TEST_CASE("Compiler compiles, while test", "[compiler]")
  auto c = primal::compiler::create();
             var a,b
             let a = 5
             let b = 0
             while a > 0
             let a = a - 1
             let b = b + 1
  auto vm = primal::vm::create();
  REQUIRE(vm->get_mem(0) == 0);
  REQUIRE(vm->get_mem(word_size) == 5);
Listing 8

The virtual machine

The general design and architecture of the virtual machine is loosely based on the workings of a Turing machine: it relentlessly behaves in a similar manner to a computer adhering to the von Neumann architecture, it feels more like a real mode x86 machine thus suffering from all its deficiencies and efficiencies, it has a dedicated assembly level programming language and it contains the following important components:

  • A set of 256 registers, integers, 32 bit by default represented in the source code by the type word_t found in numeric_decl.h.
    • Reg 255 is reserved for the stack pointer
    • Reg 254 is frequently used by the compiler
    • Reg 253 holds the value of the LOF flag (see below)
    • Reg 252 is initialized to the start of the stack segment
    • Reg 251 is initialized to the entry point of the application upon the start of the application
    • Reg 250 is reserved for future endeavours

    All other registers are freely available for you to play with.

  • A flag (called LOF – Last Operation Flag) which is set to a non-zero value by the last operation if the value after the operation evaluated to non-zero and is cleared to zero by the first conditional jump command.
  • A code segment which is the application’s compiled byte-code.
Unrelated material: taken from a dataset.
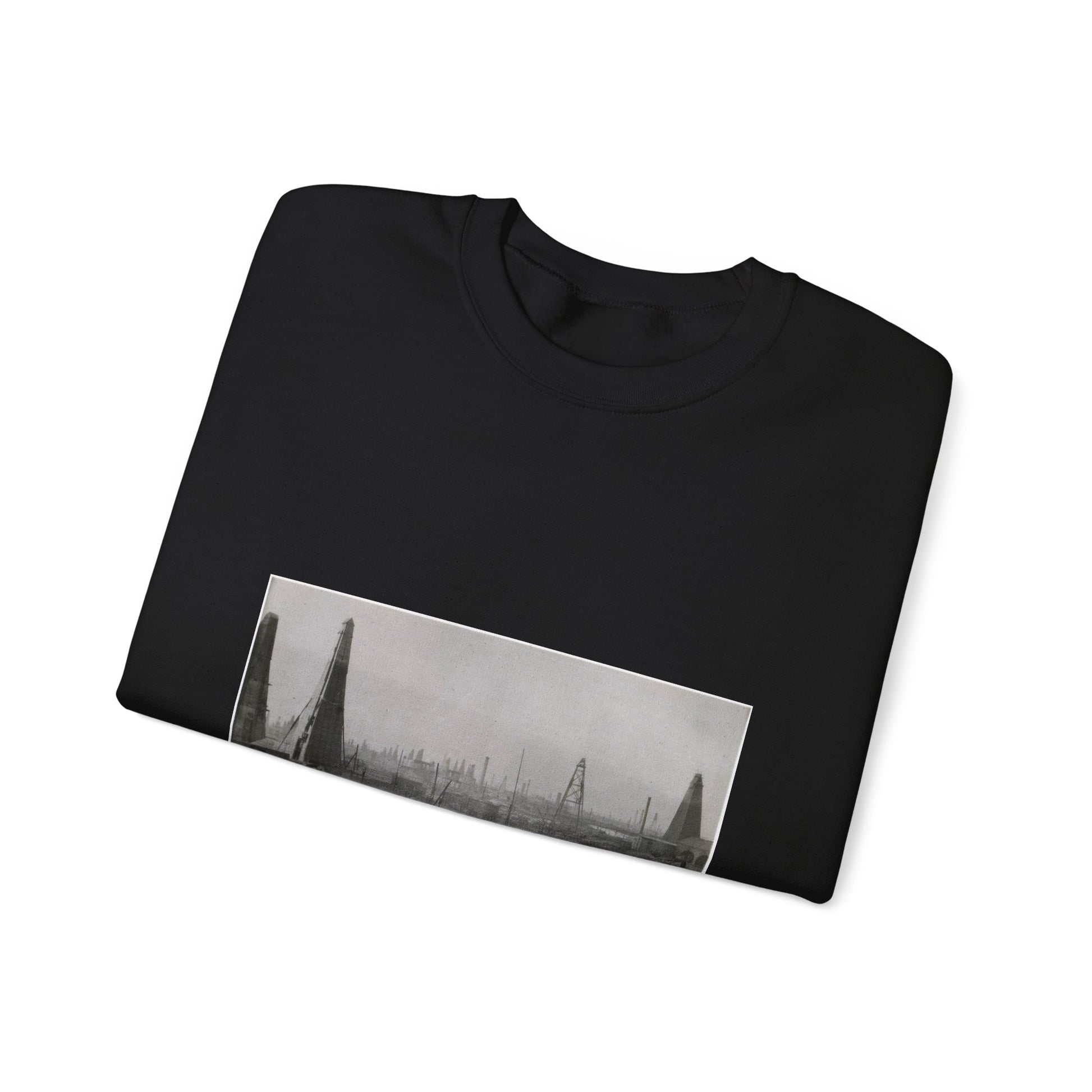 Baku. Oil production. - Drawing. Public domain image. Black Heavy Blend Adult Crew Neck SweatShirt

The size of this is flexible and depends on the application compiled. This is a read-only section and its content populated upon start-up by the virtual machine ‘loader’. For the sake of completeness, we have to mention that the virtual machine places the code segment in memory after the memory segments 1MB limit, continuously.

    The machine has an Instruction Pointer to track the next instruction that needs to be executed. Initially, this is placed on the very first byte-code, and on stepping through the code, this can increase or decrease. When the virtual machine encounters errors in byte-code being executed, it issues a PANIC call and exits.
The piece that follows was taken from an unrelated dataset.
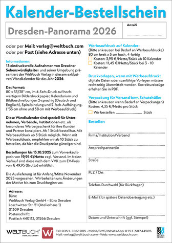Diese Wandkalender sind speziell für Unternehmen, Verbände, Institutionen, Vereinen etc. als besonderes Werbegeschenk für ihre Kunden und Partner konzipiert und ab 1 Stück (mit Werbeaufdruck ab 3 Stück) zum Vorverkaufspreis bestellbar. Bestellungen nimmt ausschließlich der Weltbuch Verlag bis 13. Oktober 2025 zum Vorverkaufspreis von 19,95 €/Netto pro Stück entgegen. Danach sind diese zum empfohlenen Endverbraucherpreis von 49,95 €/Brutto ohne Werbeaufdruck im freien Verkauf erhältlich.

  • A free-memory segment, which is used by the virtual machine and the code of the programmer. Usually it’s 1MB in size; however, it can be modified by specifying the size in the hal.h header. At this moment, only assembly level access (r/w) is granted to this area via the MOV and COPY instructions, since the compiled script makes no use of it. The virtual machine will allocate this memory segment on the heap of the real machine.
    • The memory can be accessed by loading the desired address value into a register and then performing the required memory access operation: either a full 32 bit value will be loaded from the memory into the required register either a byte value will be moved in the required register target.
    • A memory area (usually beginning after the end of the global variables) is designated to be functioning as a stack which can be controlled via the PUSH/POP/MOV commands. The assembly instructions CALL and RET are also utilizing the stack, CALL pushes the address where the code should continue when a RET was issued. POP or RET in case of the stack pointer being 0 will result in PANIC.
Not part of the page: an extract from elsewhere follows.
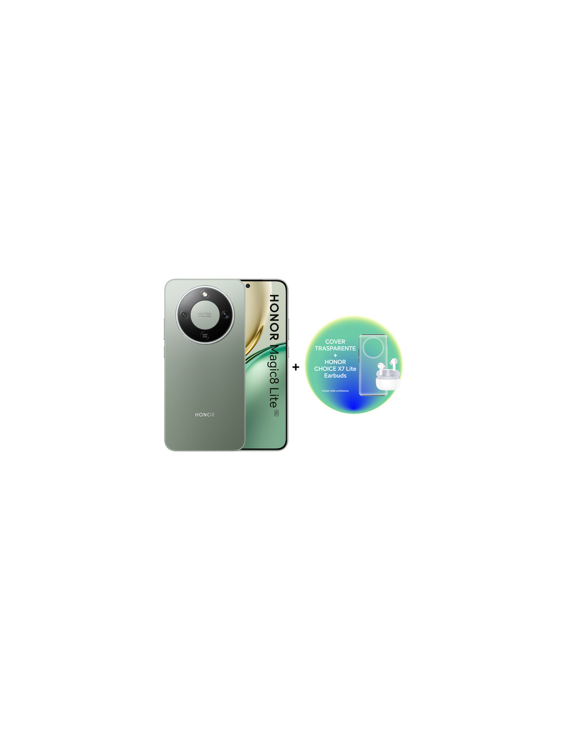 Honor Magic8 Lite 5G. Dimensioni diagonale schermo: 17,2 cm (6.79"), Risoluzione del display: 1200 x 2640 Pixel. Famiglia processore: Snapdragon, Modello del processore: 6 Gen 4. Capacità della RAM: 8 GB, Capacità memoria interna: 256 GB. Risoluzione fotocamera posteriore (numerico): 108 MP, Tipo di fotocamera posteriore: Doppia fotocamera. Sistema operativo incluso: MagicOS 9.0. Capacità della batteria: 7500 mAh. Colore del prodotto: Verde. Peso: 189 g

      There is a Stack Pointer (same variable type as the registers, referenced in register with index 255) that is used to access the stack. Upon a push, the stack pointer increases its value, and upon pop, it decreases it. The assembler syntax for the stack pointer is: $sp

    • An important compatibility note: due to the way the direct jump addresses are calculated, both the compiler and vm need to be compiled using the same memory size.
  • A set of 256 interrupts, but only one of them is used at the moment to handle writing to the screen, the other ones are available for adventurous programmers to experiment with.

The opcodes of the virtual machine

In order to perform the lowest possible level of operations, the primitive virtual machine has a set of opcodes that are acted upon by the VM. Following is a brief presentation of the opcodes which for the technically versed should be immediately familiar due to the heavy influence of the Intel family of opcodes.

Target specifiers

Please note that in the binary stream (some of) the values (the parameters to the assembly commands) are prepended by a type specifier which indicates how to interpret the bytes following the specifier. There is a specific assembly syntax for the various specifiers.

The specifier is always 1 byte, and it can be:

  • 0x00 – the following 4 bytes are to be interpreted as an immediate number, negative or positive. Assembler syntax: 12345 (ie: just a normal number)
  • 0x01 – the following 1 byte is the index of a given register. Assembler syntax: $r123 for register 123.
  • 0x02 – this represents the value of the memory at the register’s value in the following byte. The syntax: [$r123] will give the byte value stored at the value of register 123 in the memory.
  • 0x4X – the following 1 byte is the index of a register, and the nibble marked with X is the index of the byte in the given register. Assembler syntax: $r12@1 meaning byte 1 from register 12. For 32 bit virtual machines @0, @1, @2, @3 are valid byte indexes.
  • 0x05 – the coming 4 bytes represent a number, and its value represents an address in the memory. Syntax: [1234]. This is mostly used by the compiler to index in variables from the memory.
  • 0x06 – the coming 4 bytes represent a number, and its value represents the address of 1 byte in the memory. Syntax: [@1234]
  • 0x07 – this represents the value of the memory at the register’s value in the following byte + the added offset following that. The syntax: [$r123+4] will give the byte value stored at the value of register 123 + 4 in the memory and [$r123-4] will give the byte value stored at the value of register 123 - 4 in the memory. The four basic operations (addition, multiplication, division, subtraction) are possible in this context.
  • 0x08 represents the value of the memory at the register’s value in the following byte + the following register’s value. The syntax: [$r123+$r245] will give the byte value stored at the value of register 123 + value of register 245. The four basic operations (addition, multiplication, division, subtraction) are possible in this context.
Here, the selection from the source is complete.